DATA SECTION
▶
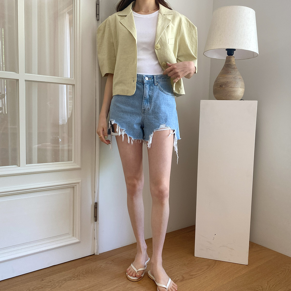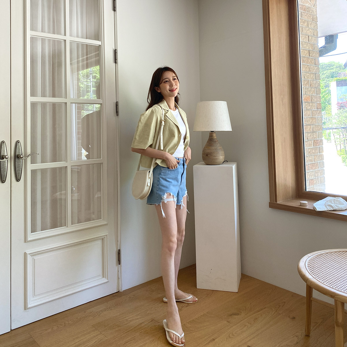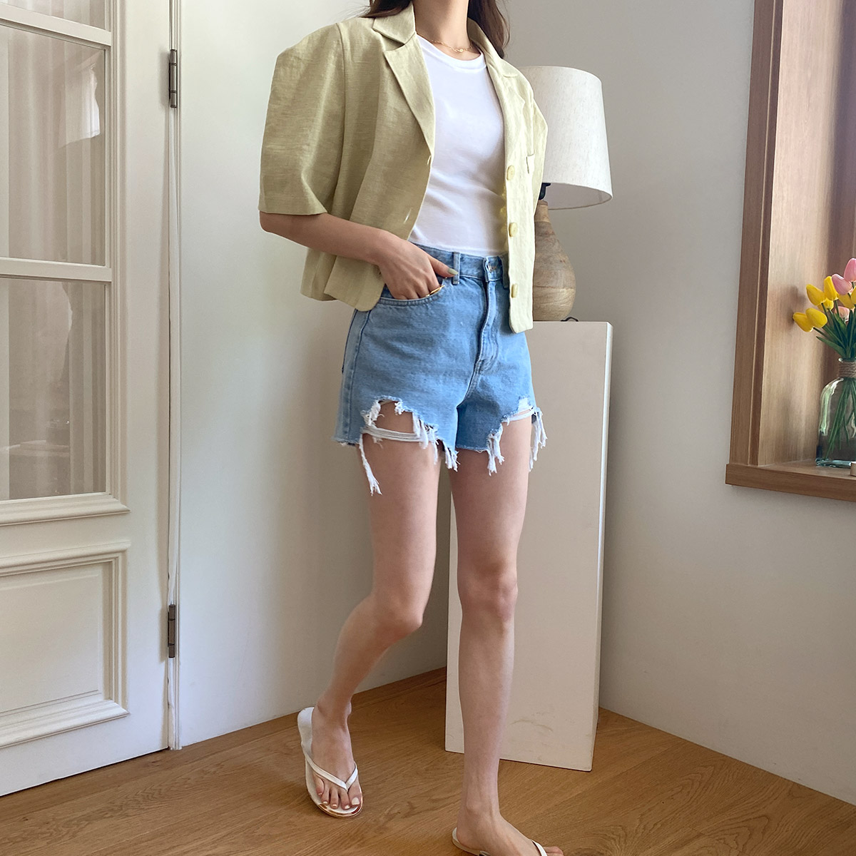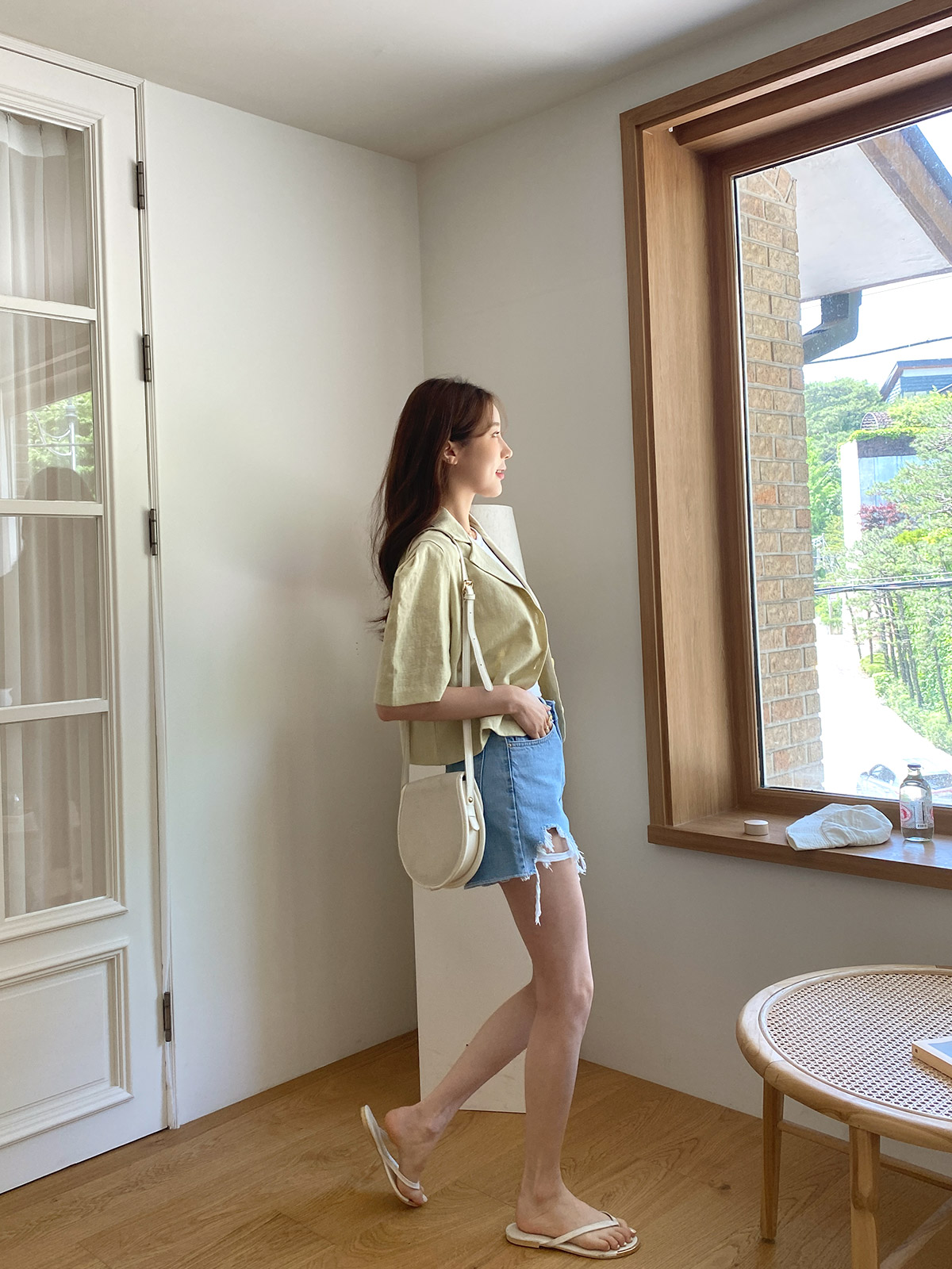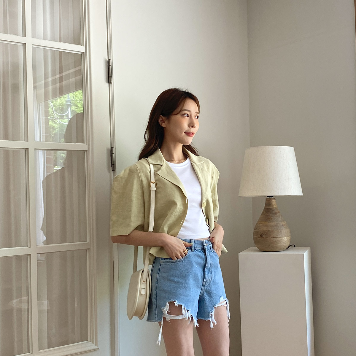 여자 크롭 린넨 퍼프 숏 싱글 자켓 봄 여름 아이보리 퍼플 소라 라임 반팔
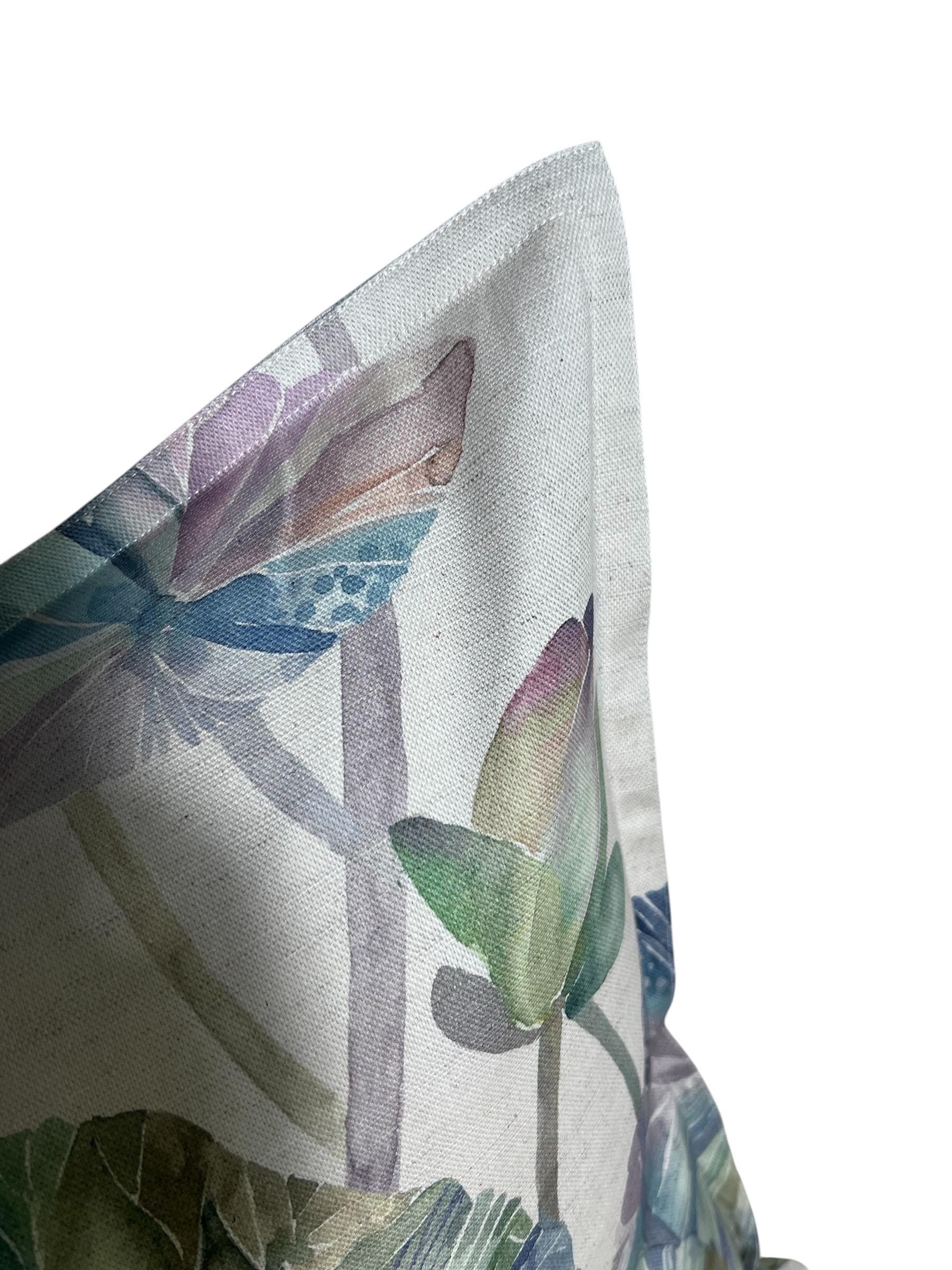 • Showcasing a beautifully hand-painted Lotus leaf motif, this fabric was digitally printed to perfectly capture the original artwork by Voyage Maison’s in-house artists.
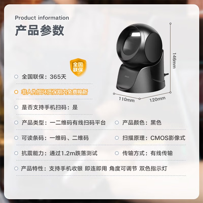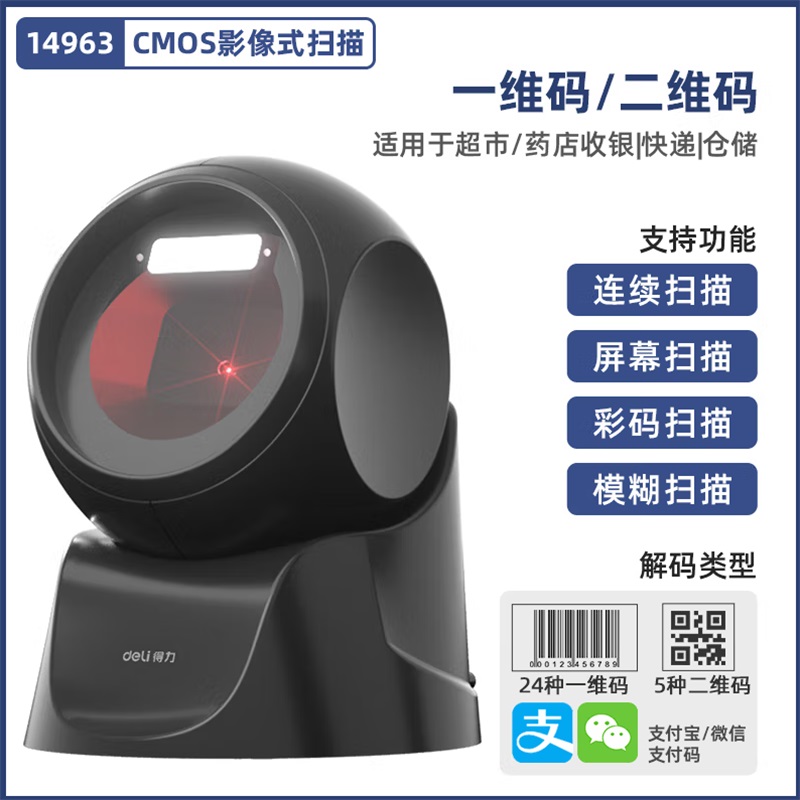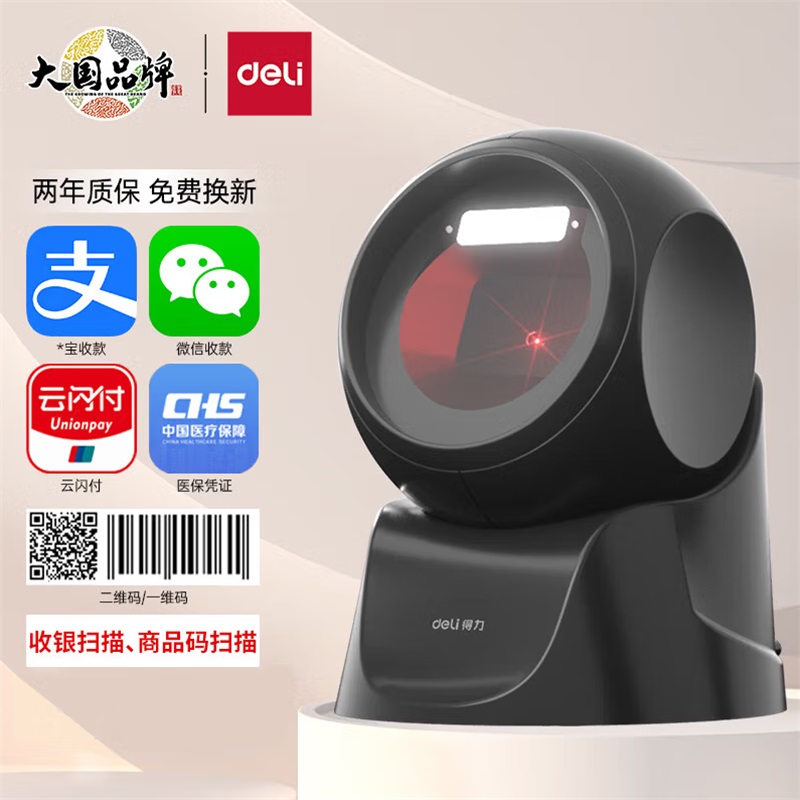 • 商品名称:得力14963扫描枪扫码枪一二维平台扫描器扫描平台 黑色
◀
Set down all the data again exactly as above, pictures excluded.

 여자 크롭 린넨 퍼프 숏 싱글 자켓 봄 여름 아이보리 퍼플 소라 라임 반팔
 • Showcasing a beautifully hand-painted Lotus leaf motif, this fabric was digitally printed to perfectly capture the original artwork by Voyage Maison’s in-house artists.
 • 商品名称:得力14963扫描枪扫码枪一二维平台扫描器扫描平台 黑色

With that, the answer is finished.